With most types of bursitis, it is advised to rest as much as possible. But because ischial bursitis is often caused by too much pressure from resting on uncomfortable surfaces, pain can often be relieved with some gentle movement. This can help strengthen your muscles and improve your flexibility.
Simple things like walking around the house or climbing the stairs may help relieve ischial bursitis pain. However, make sure to stay close to a hand-rail or a chair, in case your pain causes you to lose balance.
A New Chair
While you should try to avoid sitting as much as possible while your bursitis heals, investing in a new office chair may help prevent the pain from coming back.
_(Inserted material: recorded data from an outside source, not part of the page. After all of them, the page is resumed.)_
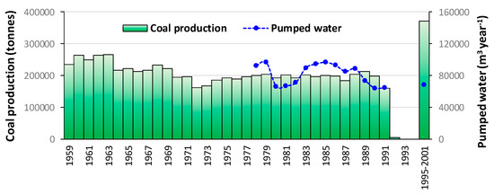 The coal was extracted by hand, by means of pneumatic hammers in a longwall with the form of inverted stairs, with timber support and backfill, a method used for subvertical (>45°) coal seams. An average of 200,000 tons of coal per year were extracted from the mine (Figure 2) totaling more than 7 million tons (data obtained from HUNOSA and the historical archives). Considering the coal density (1.8 t·m−3) and that the residual void is 40% of that occupied originally by the coal, a total volume of 1.6 Mm3 was left as empty space. Moreover, according to the HUNOSA records, the galleries in the Lieres mine have a total length of 242 km; assuming a midsection of 10 m2 for those galleries, they suppose a void volume of 2.4 Mm3. Thus, the total volume of the voids in the mine is more than 7 Mm3. This figure was underestimated in previous studies, such as in [13], that did not take into account all the coal mined at the mine. The average pumped flow when the mine was dewatered was around 80,000 m3 year−1 = 2.5 L·s−1 (Figure 2). Step pumping was established to lift the water 780 m; there were three pump rooms in the galleries at depths of 290, 600, and 660 m, with a capacity of 500, 630, and 150 m3, respectively. The total pumping power was 1400 kW. This pumping was stopped after the mine closure and now the mine is being flooded.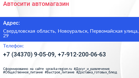 Автосити, автомагазин по адресу Свердловская область, Новоуральск, Первомайская улица, 29 в дальнейшем Организация, размещена в следующих категориях:
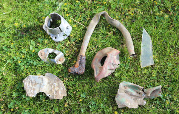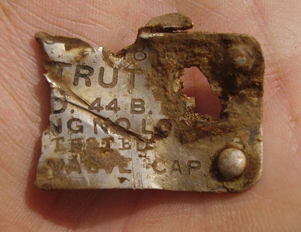 Two photographs showing the area of the crash. The top one appeared in Brian Rapier's "White Rose Base" book, the lower photograph is taken of exactly the same area in 2008. In June 2008 I was invited to attempt to locate the site by fellow air historians Albert Pritchard, Ken Reast and Eric Barton who had been given permission to visit the field by the land owner Mr M.Robinson. We located a handful of pieces in the area of the crash but enough to say this was the exact area of the crash. Of those parts a makers plate was discovered and was identified as part of the hydraulic system.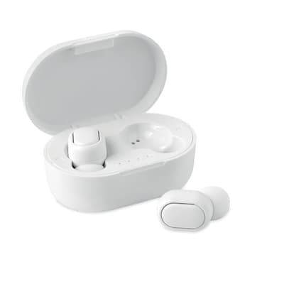 Gerecycled ABS True Wireless Stereo (TWS) 5.0 draadloze stereo oordopjes met microfoon en ingebouwde 40 mAh batterij. Speeltijd ca. 4 uur. Automatisch koppelen. Inclusief een micro USB oplaadkabel en een 300 mAh laadstation.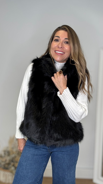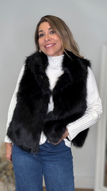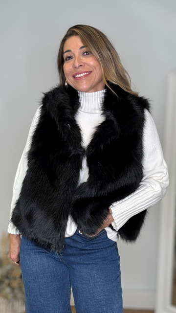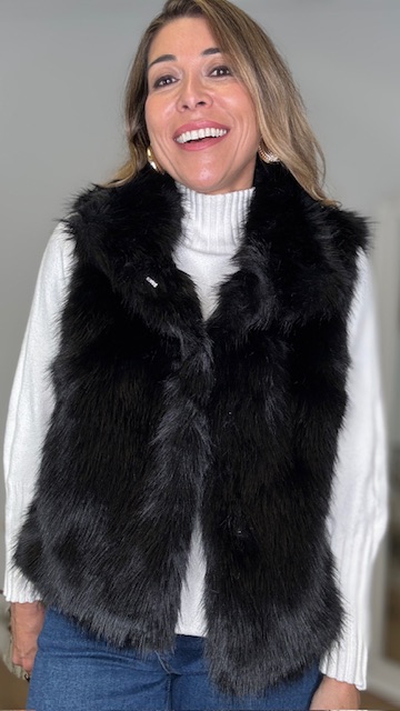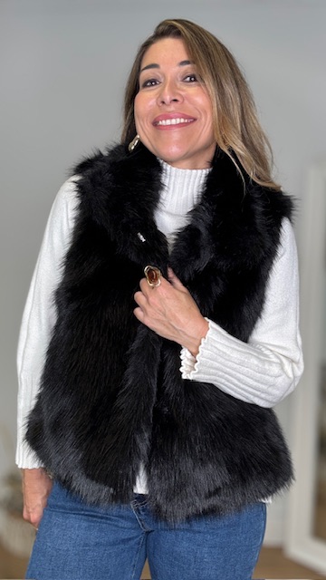 Chaleco de pelo sintético sin mangas en color negro. Talla única válida desde la 36 hasta la 44.

Regular office chairs often don’t provide proper support, and can lead to pain and inflammation, as well as poor posture and decreased flexibility.
Chairs like the all33 Backstrong C1 are designed to cushion and support the body. This chair supports ideal posture and flexibility, better blood flow, increased oxygen flow to muscles, and relief from neck and shoulder strain. It employs Sit In Motion technology that moves with you to allow natural movement of the pelvis and back. This helps to stimulate circulation, improve flexibility, and relieve pressure on your pelvic area.
Your pelvic bones are so important to the way your body functions. Not only do they support your entire lower body and make actions like sitting, standing, and walking possible, the bony pelvis also houses a variety of important internal organs. Making sure to protect your pelvic bones is vital to your health, mobility, and overall well-being.